Patterns of spatial variation of haplogroup frequencies

In order to allow comparisons between haplogroup frequencies in different Iberian regions, a common sequence segment was used for haplogroup classification of the full database. Haplogroups were additionally collapsed into main haplogroup categories that represent the main European phylogenetic branches. The most frequent category is haplogroup H (Fig 1). The frequency estimated for haplogroup H might represent an underestimation, given that the control region alone provides limited phylogenetic resolution. The patterns observed are however very informative of the population stratification existing in the Iberian Peninsula. The estimated frequency of haplogroup H ranges from 52% in the Cantabrian Coast to 32% in the Iberian Plateau (and 37%-39% in the Mediterranean and Andalusia); Fig 1. The high frequency of haplogroup H in the North of Iberia spans all along the Portuguese territories, where frequencies range from 49% in the North to 45% in the South. Haplogroup U constitutes the second most frequent haplogroup in Iberia; its frequency is similar in the main Iberian regions; it reaches the highest frequency in North of Portugal (26%). Differences for the rest of the haplogroup categories are not so marked when examined by main geographic regions. Some differential pattern is more apparent when examining the data by political regions (S1 Fig). Again, the regions in the North (Basque Country, Cantabria, and Galicia) show the highest haplogroup H frequencies. Haplogroup U reaches 27% in the community of Madrid and 17% in the Basque Country, Valencia and Aragón; the lowest value was found in La Rioja (5%; although here the sample size is small). The polyphyletic cluster A+B+C+D represents the Native American ancestry existing in Iberia, mainly explained by modern South and Central American (Ecuador Colombia, Bolivia, Peru, etc.) immigration into Iberian territories (Instituto Nacional de Estadística: http://www.ine.es). The Native American ancestry of this collapsed category is coherent with the fact that it is only present in Iberia and virtually absent in Portugal (where immigration of Native American communities is much lower than in Spain; Instituto Nacional de Estatística: https://www.ine.pt/). Finally, sub-Saharan L-haplogroups are slightly more frequent in Andalusia (3%) than in the other Iberian regions.

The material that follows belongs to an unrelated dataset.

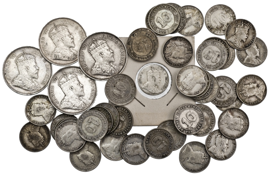 British North Borneo. Lot of 25 Cents, 1929 H. Heaton. Arms supported by Dayak warriors. KM 6. A few with light porosity. About Fine-Very Fine. (40)
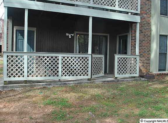 MOVE-IN READY! Crisp, clean, ground-floor unit minutes from UAH, Research Park and Redstone Arsenal. Many windows bring in plenty of natural light. Master overlooks patio and has HUGE walk-in closet. Relax on your 19x6 covered patio with access to courtyard with plenty of shade. 5x6 storage room off patio is large enough for your bicycles and much more. NEW RINNAI ON DEMAND water heater 2013, NEW HVAC 2013!!!

Haplogroup frequencies can also be examined by provinces. Interpretations of spatial patterns of variation can be facilitated by interpolating these frequencies to the whole Iberian territory (Fig 3). Haplogroup R is more frequent in the northern half of the Iberian Peninsula; whereas the lowest values are found in the South of Portugal and Spain (South of Andalusia). Haplogroup HV0 (which is largely represented by haplogroup V) is much more frequent in the Basque Country than in any other Iberian region. Haplogroup H, which is also nested within haplogroup R, has however a different overall distribution; it spreads all along the Atlantic coast (including the Cantabrian Sea) with decreasing values towards the Mediterranean coast. Haplogroup J is more frequent in the northwest corner of Spain and in the Basque country, while its sister haplogroup T is more frequent in the Mediterranean coast. Finally, the interpolated map of the sub-Saharan haplogroup L shows its highest frequency in the South, as it also occurs with the North African haplogroup U6.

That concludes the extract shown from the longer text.